Squat - dead - incline/ohp

Fri

Squat - bench - row

At the end, after the big 3, I do one isolation movement for each body part trained that session - do the exercise to failure , which I'm not usually far off failure anyway after the big 3 lifts

Pics to follow


----------



## Uk_mb (Feb 18, 2011)

Mondays training.

Squat.

70 x 5

80 x 5

90 x 5

100 x 5

105 x 5

Flat db bench

35 x 5

37.5 x 5

40 x 5

45 x 5

47.5 x 5

Row

60 x 5

80 x 5

85 x 5

90 x 5

100 x 5

Isolation,

Chest - flies

Back - lat pull

Legs - leg press concentrating on hams


----------



## Milky (Nov 30, 2008)

Is this mainly a compound routine then ?

Never really studied it TBH.


----------



## Uk_mb (Feb 18, 2011)

Milky said:


> Is this mainly a compound routine then ?
> 
> Never really studied it TBH.


Yes mate. Mostly for strength I've used this before , no idea why I strayed away from it tbh because it works!

Need to work on compounds, form is second to none but the weights are pretty low.
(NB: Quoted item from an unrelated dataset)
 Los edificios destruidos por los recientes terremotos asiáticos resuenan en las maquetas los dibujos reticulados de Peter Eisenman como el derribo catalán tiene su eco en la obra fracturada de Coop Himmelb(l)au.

Training before consisted of main isolations so cutting most out giving the muscles more rest


----------



## Milky (Nov 30, 2008)

Uk_mb said:


> Yes mate. Mostly for strength I've used this before , no idea why I strayed away from it tbh because it works!
> 
> Need to work on compounds, form is second to none but the weights are pretty low. Training before consisted of main isolations so cutting most out giving the muscles more rest


I'm currently doing push pull legs and TBH loving it, have to be honest tho core has never been a big priority to me which has probably been a big mistake on my part.


----------



## Uk_mb (Feb 18, 2011)

Milky said:


> I'm currently doing push pull legs and TBH loving it, have to be honest tho core has never been a big priority to me which has probably been a big mistake on my part.
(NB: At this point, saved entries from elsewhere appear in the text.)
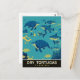 Tortugas marinas nadando bajo el agua. Parque nacional de Tortugas Secas, Florida. Tarjeta postal de viaje en azul.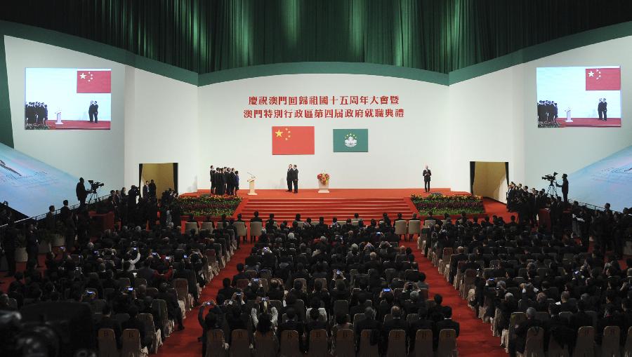 Led by Chui Sai On, the fourth-term chief executive of the Macao Special Administrative Region (SAR), and administered by Chinese President Xi Jinping, the principal officials of Macao's fourth-term government and the new prosecutor general of the Public Prosecutions Office are sworn in at a celebration gathering marking the 15th anniversary of Macao's return to the motherland in Macao, south China, Dec. 20, 2014. Chinese President Xi Jinping attended the celebration gathering and the inauguration of the fourth-term chief executive and government of the Macao SAR on Saturday morning. (Xinhua/Zhang Duo)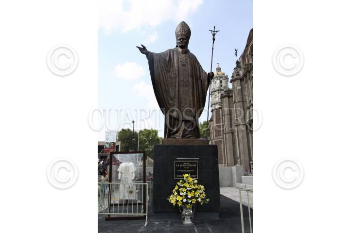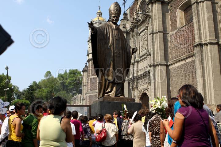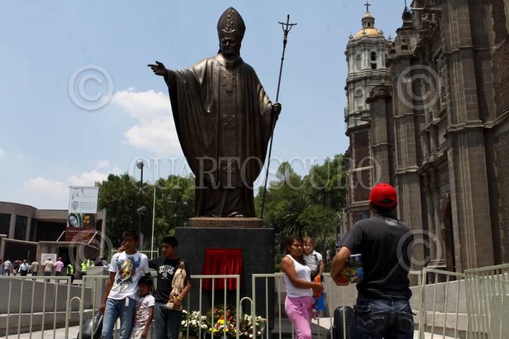 MÉXICO, D.F., 30ABRIL2011.- Cientos de fieles acuden a la estatua del papa Juan Pablo II en la Basilica de Guadalupe, en este día que será beatificado en Roma, Italia. FOTO: RODOLFO ANGULO/CUARTOSCURO.COM

Same goes mate. You don't realise how important it is (hence my dogsh1t squat weight lol )


----------



## Milky (Nov 30, 2008)

Uk_mb said:


> Same goes mate. You don't realise how important it is (hence my dogsh1t squat weight lol )


At least you squat !

I cant even get my arms back to hold the fu*king bar :lol:


----------



## Uk_mb (Feb 18, 2011)

Milky said:


> At least you squat !
> 
> I cant even get my arms back to hold the fu*king bar :lol:


 :lol: I used to use that excuse when people ask why I don't squat. And then I realised I look such a tool using that excuse lol.

It WAS a flexibility issue after the pec tear. But not for 2 years lol.


----------



## Milky (Nov 30, 2008)

Mate honestly its agonising trying to get my arms back. Need to work on my flexibility definatly.


----------



## Mingster (Mar 25, 2011)

Milky said:


> Mate honestly its agonising trying to get my arms back. Need to work on my flexibility definatly.


Milky, I couldn't squat for several years following my back injury. When I started back last year I had the same flexibility issues as yourself. Literally agony trying to hold the bar. Nowadays I have no issues whatsoever and that is just through perserverance with no direct stretching. The body will adapt quickly once given reason to.


----------



## Fatstuff (Mar 2, 2010)

Milky said:


> Mate honestly its agonising trying to get my arms back. Need to work on my flexibility definatly.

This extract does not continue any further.